Sunday, December 21, 2008

GPU >> CPU

in early 2007, nVidia opened up the gates to a paradise. a free if not entirely open-source project called CUDA made its debut. it's a general-purpose graphics device computing, utilizing the massively parallel architecture of today's GPUs, or graphics processing units. in effect, all the recent nvidia cards became capable of carrying out parallel computational tasks. their raw power exceeds that of a CPU by a factor now typically ~10^2.

CUDA is best explained in this wiki page.
It is nicely illustrated using real-life applications in the
nVidia CUDA Zone. Typical speedups w.r.t. cpu are 5-100.

mythbusters were hired to illustrate the power of parallel processing and constructed a cute, monstual
parallel paint gun to paint mona lisa in less than 80 ms. it's fun to watch the monster and its 1024 paintballs flying slow-mo to meet their final destination: canvas.

without much exaggeration one can say that gpus could only be ignored so long - as soon as there's a solution that speeds up your program 100 times, you have no choice but to change to that track, no mater how comfortable your old one was.

for me, the old path was clusters and MPI. I started 10 yrs ago with a cluster of sun ultra5 workstations, and later continued with a cluster of custom built pc's in rack mounts.
hydra cluster, 5 GFLOPs
sample application of hydra
ANTARES cluster, 61-144 GFLOPs

MPI is a language (more precisely protocol and libraries that implement it, for exchange of data between nodes of a cluster). physical exchange was facilitated by commodity gigabit ethernet switches that became affordable about that time.
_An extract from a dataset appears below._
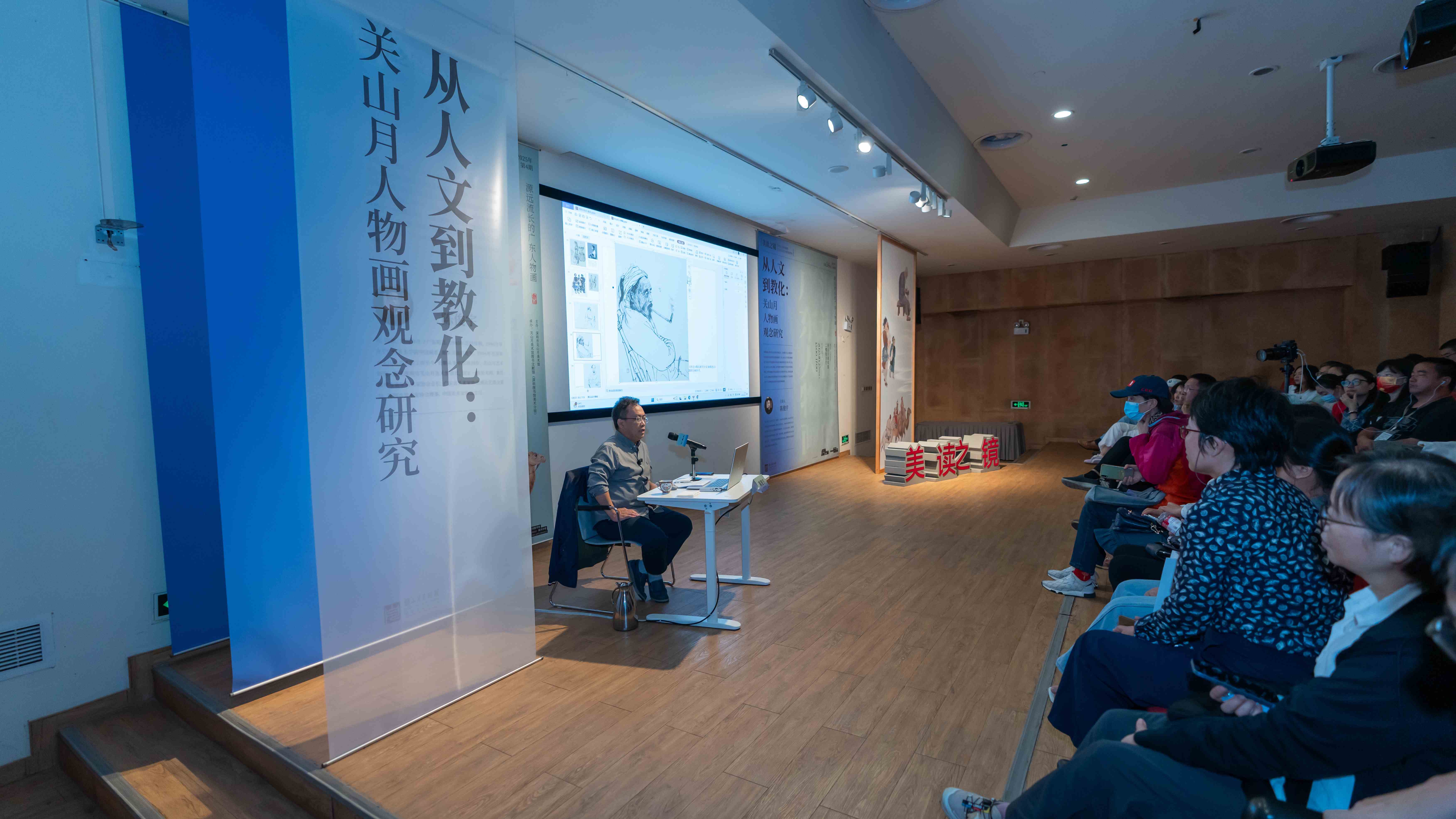 在讲座的开始,陈俊宇开宗明义地表示,关山月的人物画研究不是静态的,随着不同角度、不同专家、不同时代的审视,老问题常会有新答案。他解读讲座题目“人文与教化”时表示,以1949年为时间节点,关山月的人物画分为两部分。第一部分是人文,指1949年之前,其主要功能是人文关怀;第二部分,1949年后,这一部分是教化。关山月的身份发生变化,作为美术学院教授,他肩负着人物画教学的功能,同时国家文化政策也需要人物画进行社会教育。
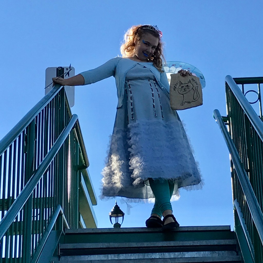 She has a good time running around in the dim light with friends, dressed up (which is always a thing, and we never buy ‘costumes’, if costume pieces come into our lives, go for it – like these wings and the tiara) and I try not to look as she eats small amounts of toxins. Perhaps a side tradition of Samhain is not just to honor our ancestors but to toy with death on a slight scale (now you can hear me rolling my eyes, can’t you?). This year she hit Water St in Gardiner for the store trick or treating; it was quite a turn out. She was pleased.

clusters were great, and essentially most today's supercomputers are built like that: farms of dozens to tens of thousands of machines hooked up by relatively slow interconnects. distributed memory and distributed processing power. which is ok for some problems, like hydrodynamics w/o radiation transfer or self-gravity in astrophysics, or frame-by-frame movie rendering and postproduction in a studio.

so clusters were great, but not trouble-free. you had to wait (hours or days, depending on how ambitious your computation was!) for the requested number of processors on some big national supercomputer to be allocated to your simulation. or you could decide to build your own little cluster, if you had money, place and time for it. that made more sense to many, and could cost your grant agency 'only' $20k or so, unless you really needed smp (shared memory machine, then you had to multiply the cost 5-10 times.)

you and your associates could only run a system of a few dozen nodes at best. beyond that magical number, frequent individual component breakdowns, software upgrades, and so on, needed to be taken care of by a professional sysadmin or technician (which you could not afford; so you used
your nodes praying they don't fail, and did not repair those that eventually did.)

on a small cluster, scientific long-term simulations could in practice be done in 2D but rarely in 3D, unless you were very lucky with your problem and/or very patient..

* * *

let's skip to 2007 then. why is a gpu hundred times more powerful than a cpu?
today, both are capable of parallel computation, since they have multi-core structure.
each gpu core is far less advanced on the control/vectorization side a bit slower.
but your ~$350 4-core intel processor is no match for 216-240 cores of a ~$350 nvidia gpu, on the newest G200 card series (nForce gtx260, gtx2800, and from january 2009 also a 2-gpu card gtx295 with 480 cores). ASSUMING YOU CAN harness the combined power of those gpu cores...

so here's the challange: to build and program a massively parallel system (with hundreds of cumputing nodes or cores) that is a bit more environmentally friendly than the old clusters: much less noise, much less total electrical power used, and finally much much more bang for the buck.
and that means: a supercomputer in a signle computer case, performing thousands of GFLOPs!
perhaps a thousand times the number of operations you could perform 10 yrs ago.